Choice of data structure and algorithm
Usually, when selecting data structures and methods for working with information in them, we stability between saving memory (data structures) and processor load (algorithms). Most often, the particular less memory we make use of, the higher the PROCESSOR load and vice versa.
And here comes the idea of algorithm efficiency. Some methods are more efficient regarding a specific situation, several less.
It is far from totally right to use the particular calculation time to determine the particular efficiency of the protocol since it is extremely dependent upon the hardware and the particular amount of data. Consequently, it is customary in order to use the idea of algorithm difficulty.
memory complexity — just how much memory is going to be needed for calculations
time complexity – how long will certainly we do the calculations
Both of these troubles are highly dependent on the input data. Usually, they may be denoted as and.
Suppose we have a few an array of integers [10, 6, 4, 23, 87, 1, 1, 1, 100] and we would like to get the sum of all the components of the array.
class IntegerArraySumDemo
public static void main (String [] args)
int [] integerArray = 10,6,4,23,87,1,1,1,1004;
int sum = 0;
for (int i = 0; i <integerArray.length; i ++)
sum + = integerArray [i];
System.out.println (sum);
In cases like this, the number of iterations depends on the number of array’s elements. It means that if we all have 10 elements, we all have to get accessibility to the array plus perform the addition operation 10 times. If a hundred items – 100 times.
Such complexity is known as linear and is denoted by O(n).

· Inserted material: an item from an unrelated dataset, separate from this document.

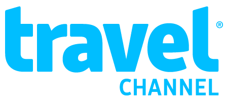 Logo for the Travel Channel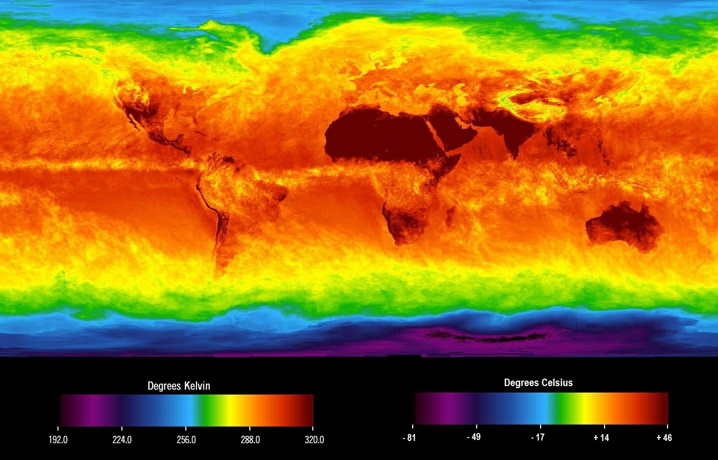 Global average brightness temperature from satellite observations. April 2013

Being a further example, let’s look at the situation when we need to access an array’s element by index:
class GetIntegerArrayElementByIndex {
public static void main(String[] args) {
int[] integerArray = {10, 6, 4, 23, 87, 1, 12, 1004};
int indexOfRequiredElement = 5;
if (indexOfRequiredElement < integerArray.length) {
int element = integerArray[indexOfRequiredElement];
System.out.println(element);
}
}
}
In this case, regardless of the number of elements in the array, we perform a fixed number of operations – roughly speaking, these are 3 operations (checking the index, getting the element by index, output to the console). This number of operations will remain the same with 100 elements in the array, and at 1,000,000.
Such complexity is called constant and is denoted by O (1).
It should be noted that if the number of operations is always 100, the designation will still be O (1).
And if we are O (10n) complexity, then the final notation will be O (n). This is called simplifying O-notation.
Examples of time complexity
Suppose we have a company. It has departments (a unique name) and employees (not unique names). Both employees and departments have an identifier (unique) and detailed information. Entities are ordered by name. We can drive into the list only one parameter in the search – the name. And in our system, intermittent failures occur (the search will fly, then the sort).
-
O (1) – search for detailed information of the department by name. Since we know for sure that the name of the department is unique, by typing the name of the department into the search, we will get all the data on it.
-
O (1) best case – we are looking for an employee by name and the first employee in the list is the one we need.
-
O (n) – search for employee details by name. Sort broke. In the worst case, in our system, only employees and all employees have the same name (the world of Edward). In this case, we are directly dependent on the number of employees in the system. We will have to go through all the employees and compare by identifier and look for detailed information.
-
O (log n) – we broke down the search and we just see the pages with employees and departments. Search by name Cyril. Suppose we have 100 pages, each of which has 50 employees/departments. Order by name is preserved. We open to page 51 and look at the first entry and see that this is Oleg. This means pages 51-100 do not fit exactly. We turn to page 25 – first entry – Igor. Drop the pages 1-25. We open to page 13 and the first name is Kirill with the identifier we need.
This way, we finish discussing the algorithms and data structure.